All pictures are to be dropped, and the remaining data set down exactly.

• **Information supplied**
>>>
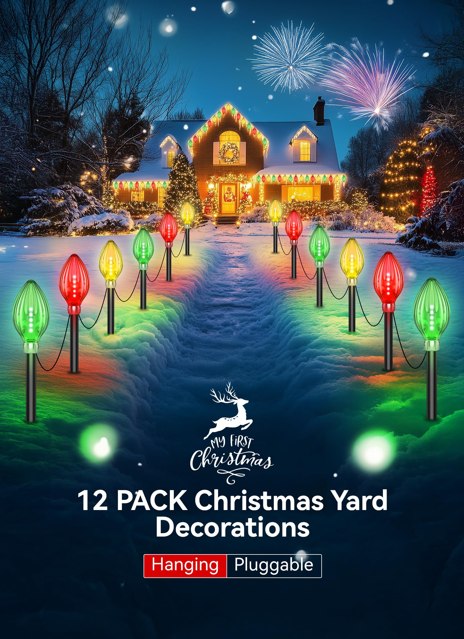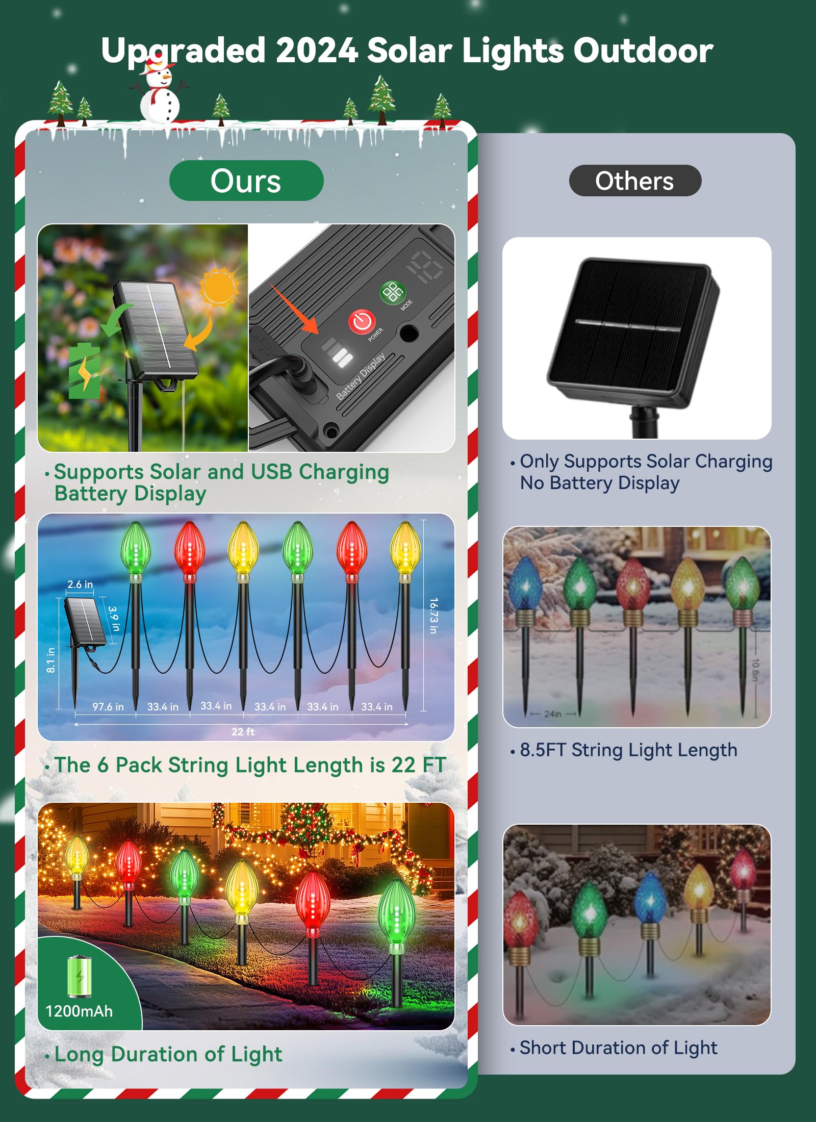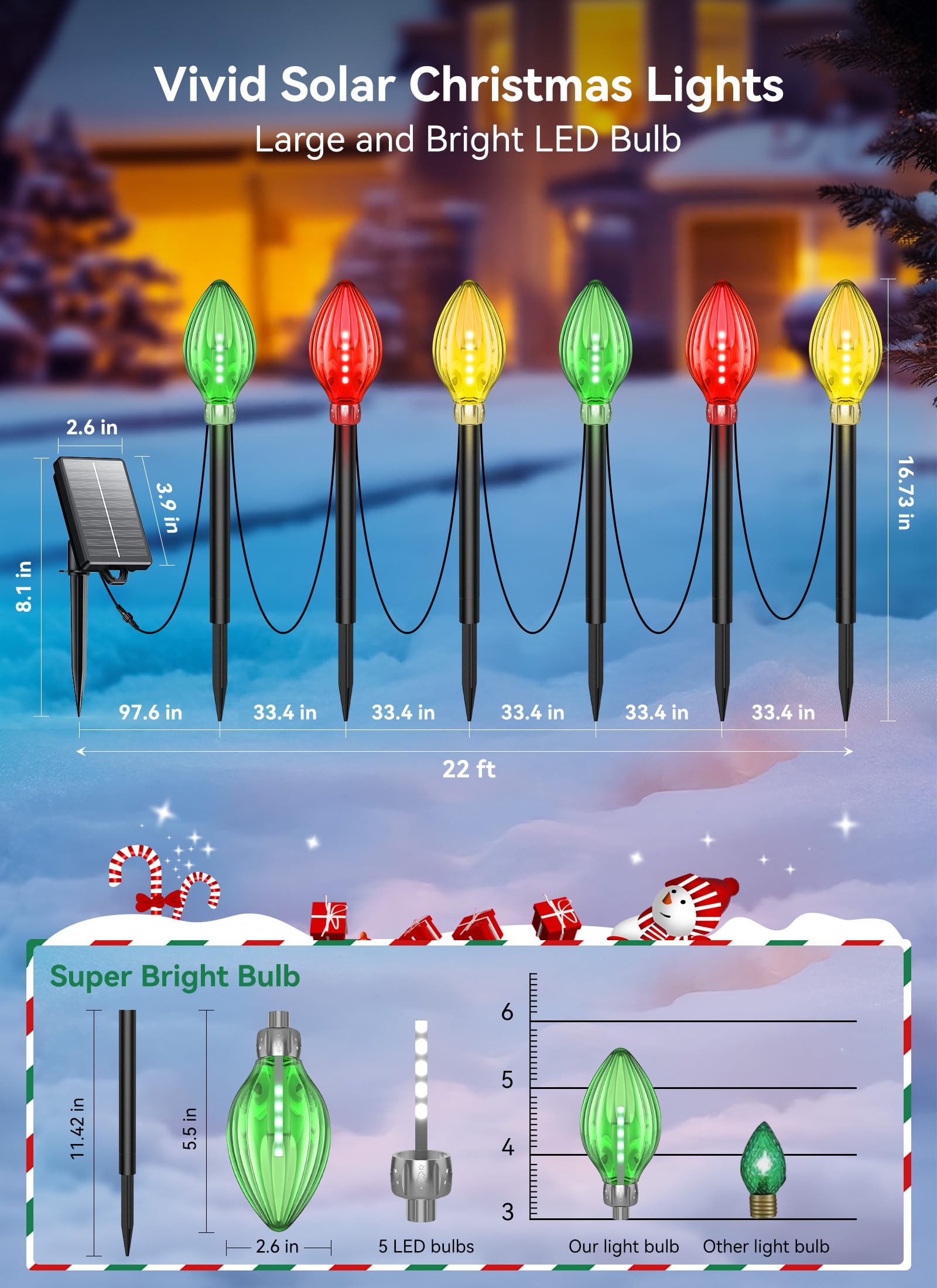 d Outdoor Christmas Lights: The jumbo C9 solar christmas lights outdoor has a total of 12 packs. Each bulb is equipped with 5 mini LEDs, totaling 60 mini LED bulbs across all the sets. These outdoor solar lights three different color: red, yellow and green. The LED bulb size: 5.5 x 2.6 inches, and each bulb is spaced 34 inches apart. The large and bright LED bulb can satisfy your diverse outdoor Christmas decoration effects 2-in-1 Decorative Solar Christmas Lights: The total length of the 12 packs of solar string lights is 44FT, and the Christmas lights outdoor with stakes are amazing for Christmas outdoor yard decoration. They can be used as a string of lights, or with stakes for outdoor landscape lighting. Our stake length is 11.4 inches, offering a sturdy and easy-to-install solution for Christmas outdoor decoration
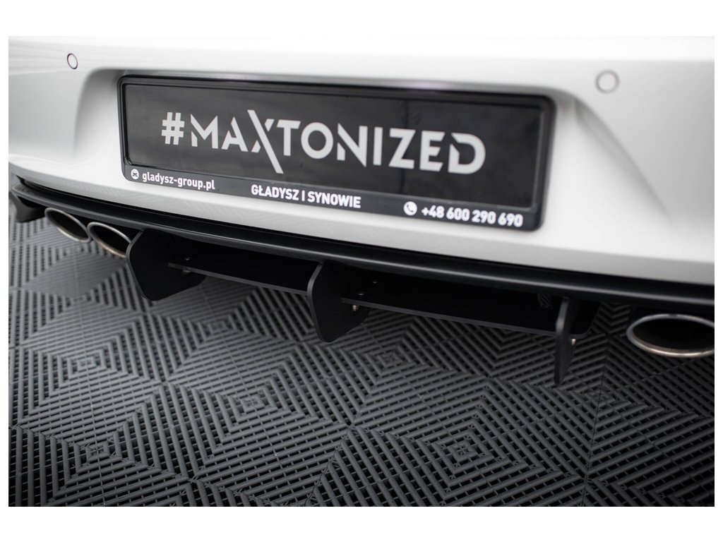 Maxton Design difuzor zadního nárazníku s bočními nástavci pro vozidlo Volkswagen Golf R Mk7 . Povrchová úprava spoileru plast ABS bez povrchové úpravy.
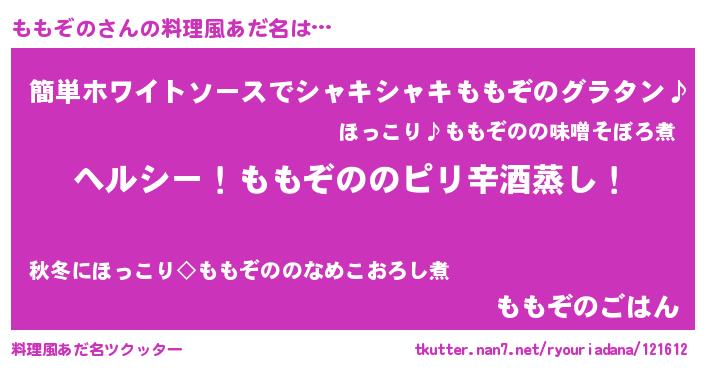 | 男性向けラノベタイトル風あだ名 | 『Re:ももぞのから始める異世界生活』 |
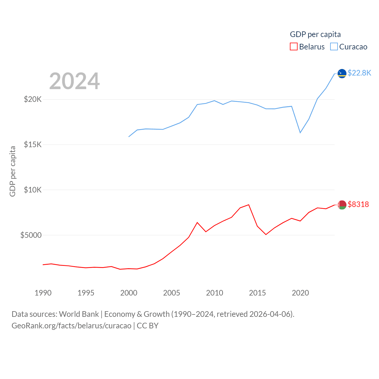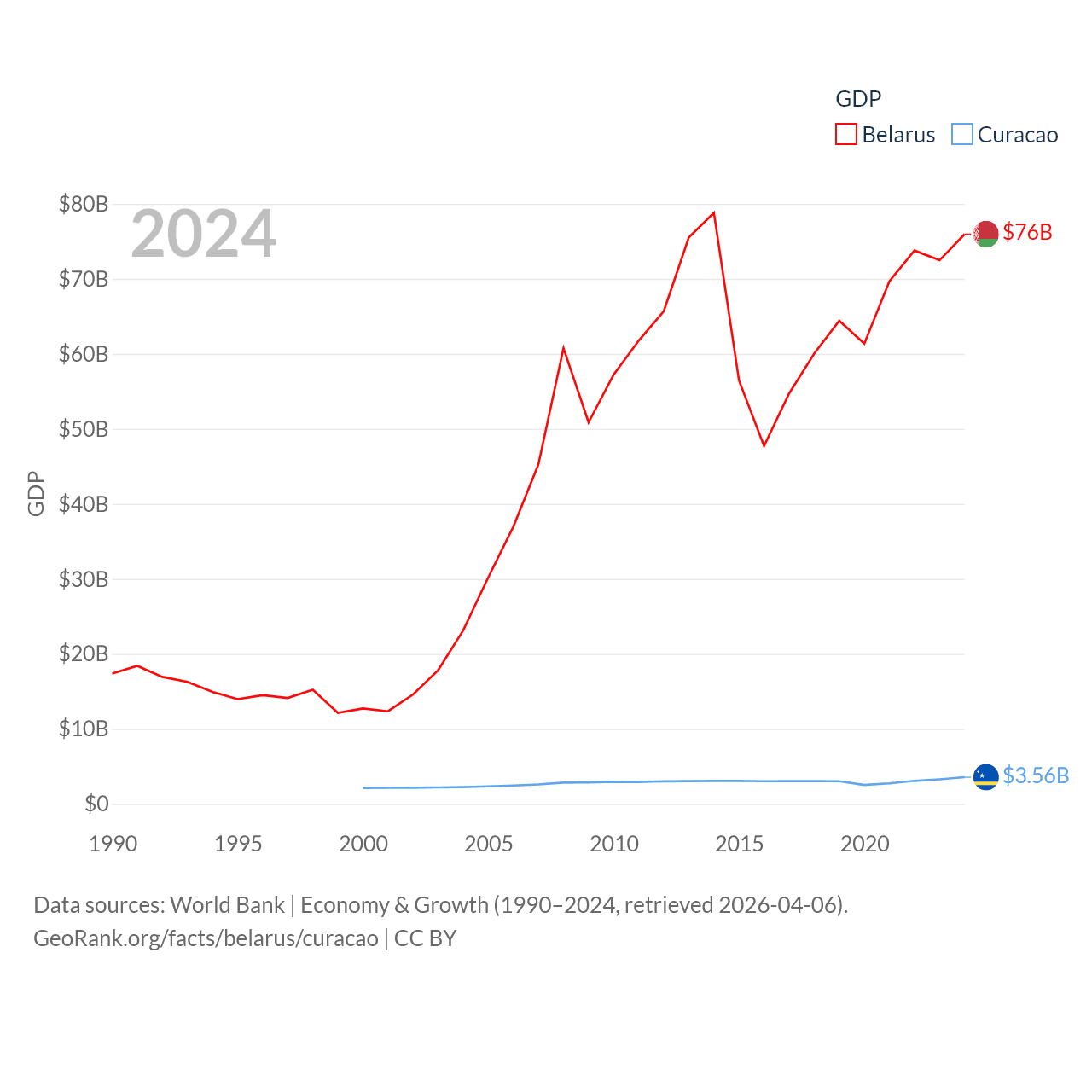 By GDP, Belarus ranks 83/197 ($76B) and Curacao ranks 167/197 ($3.56B). By GDP per capita, Belarus ranks 92/197 ($8,318), while Curacao ranks 56/197 ($22,833).
<<<
• **Reply**
 d Outdoor Christmas Lights: The jumbo C9 solar christmas lights outdoor has a total of 12 packs. Each bulb is equipped with 5 mini LEDs, totaling 60 mini LED bulbs across all the sets. These outdoor solar lights three different color: red, yellow and green. The LED bulb size: 5.5 x 2.6 inches, and each bulb is spaced 34 inches apart. The large and bright LED bulb can satisfy your diverse outdoor Christmas decoration effects 2-in-1 Decorative Solar Christmas Lights: The total length of the 12 packs of solar string lights is 44FT, and the Christmas lights outdoor with stakes are amazing for Christmas outdoor yard decoration. They can be used as a string of lights, or with stakes for outdoor landscape lighting. Our stake length is 11.4 inches, offering a sturdy and easy-to-install solution for Christmas outdoor decoration
 Maxton Design difuzor zadního nárazníku s bočními nástavci pro vozidlo Volkswagen Golf R Mk7 . Povrchová úprava spoileru plast ABS bez povrchové úpravy.
 | 男性向けラノベタイトル風あだ名 | 『Re:ももぞのから始める異世界生活』 |
 By GDP, Belarus ranks 83/197 ($76B) and Curacao ranks 167/197 ($3.56B). By GDP per capita, Belarus ranks 92/197 ($8,318), while Curacao ranks 56/197 ($22,833).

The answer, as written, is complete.